→ **PROVIDED INFORMATION**:
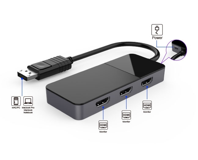 Adaptér pro připojení jednoho výstupu DisplayPort V1.4 se třemi LCD HDMI monitory. Adaptér umožní tři režimy zobrazení (extended + mirror + duplicate ) na třech monitorech. Tento adaptér umožňuje propojit DisplayPort výstup se třemi HDMI monitory a na každém zobrazovat jiný obraz.Například se dá využít k vytvoření rozšířené plochy na více monitorech viz fotografie v příloze jako příklad použití.
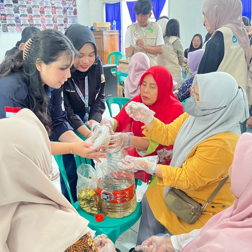 Agenda dimulai dengan pemberian materi mengenai pentingnya mengelola sampah rumah tangga, khususnya limbah organik yang dihasilkan dari dapur. Kami menjelaskan bagaimana kulit buah, seperti jeruk, bisa diolah kembali menjadi cairan serbaguna daripada hanya dibuang begitu saja. Penjelasan ini bertujuan agar warga lebih paham bahwa sampah organik sebenarnya punya manfaat tinggi jika diolah dengan cara yang benar.
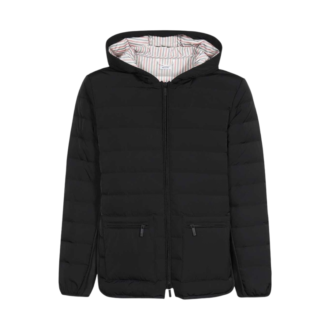 톰브라운 매트 나일론 사선 스트라이프 다운필 퀼티드 후드 자켓 블랙
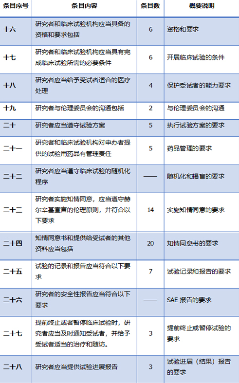 为了便于研究者在繁忙的工作中尽快检索到具体要求,笔者对有关研究者章节中的13条内容做了如下简表说明:
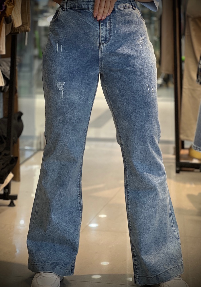 شلوار جین بوتکات [ دمپا ] زنانه رنگ ابی برفکی
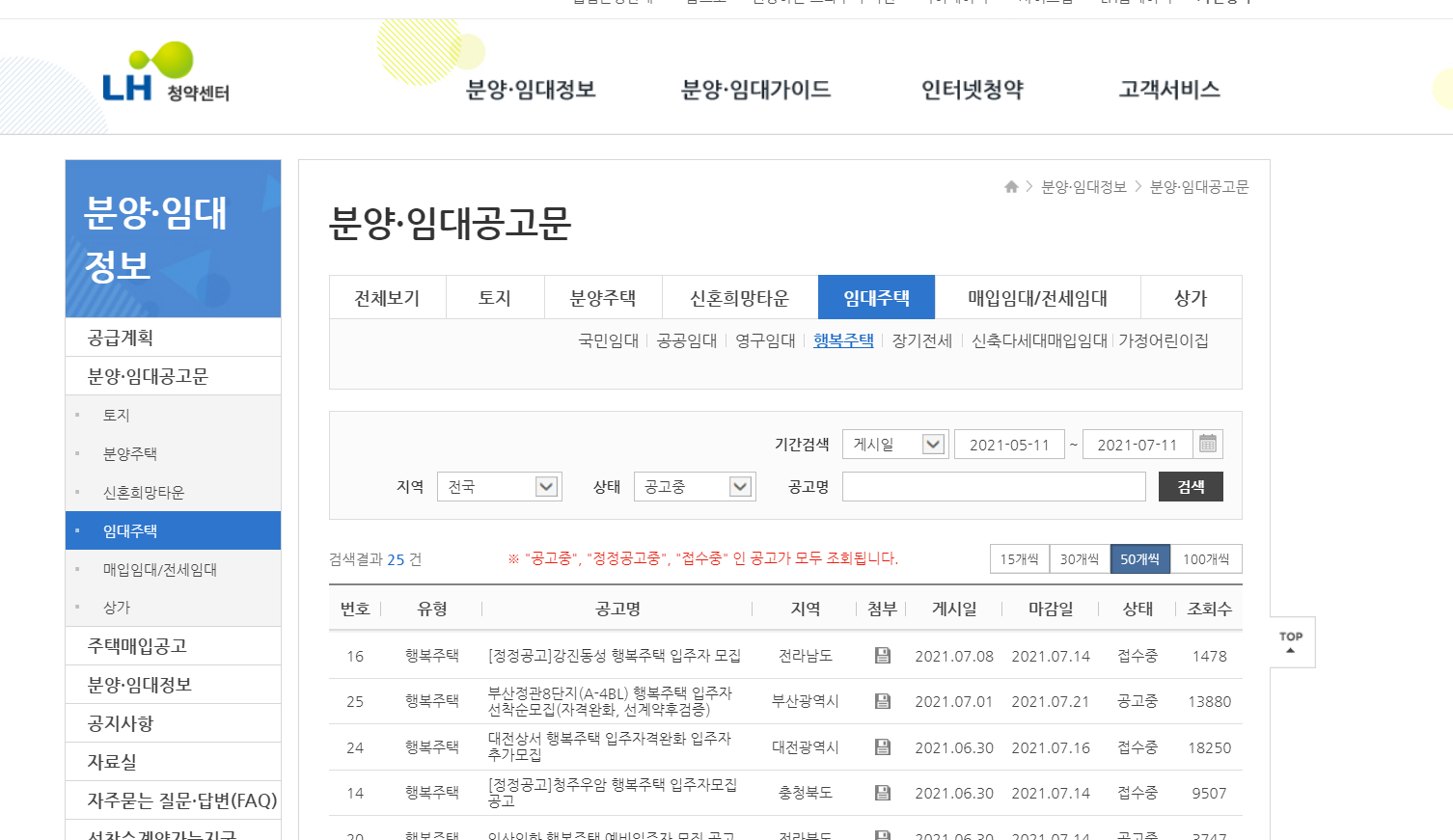 3.임대주택 -> 행복주택 클릭

→ **PROBLEM**: Please restate all of the listing above word for word, with no pictures.

→ **RESPONSE TO THIS EXERCISE**:
 Adaptér pro připojení jednoho výstupu DisplayPort V1.4 se třemi LCD HDMI monitory. Adaptér umožní tři režimy zobrazení (extended + mirror + duplicate ) na třech monitorech. Tento adaptér umožňuje propojit DisplayPort výstup se třemi HDMI monitory a na každém zobrazovat jiný obraz.Například se dá využít k vytvoření rozšířené plochy na více monitorech viz fotografie v příloze jako příklad použití.
 Agenda dimulai dengan pemberian materi mengenai pentingnya mengelola sampah rumah tangga, khususnya limbah organik yang dihasilkan dari dapur. Kami menjelaskan bagaimana kulit buah, seperti jeruk, bisa diolah kembali menjadi cairan serbaguna daripada hanya dibuang begitu saja. Penjelasan ini bertujuan agar warga lebih paham bahwa sampah organik sebenarnya punya manfaat tinggi jika diolah dengan cara yang benar.
 톰브라운 매트 나일론 사선 스트라이프 다운필 퀼티드 후드 자켓 블랙
 为了便于研究者在繁忙的工作中尽快检索到具体要求,笔者对有关研究者章节中的13条内容做了如下简表说明:
 شلوار جین بوتکات [ دمپا ] زنانه رنگ ابی برفکی
 3.임대주택 -> 행복주택 클릭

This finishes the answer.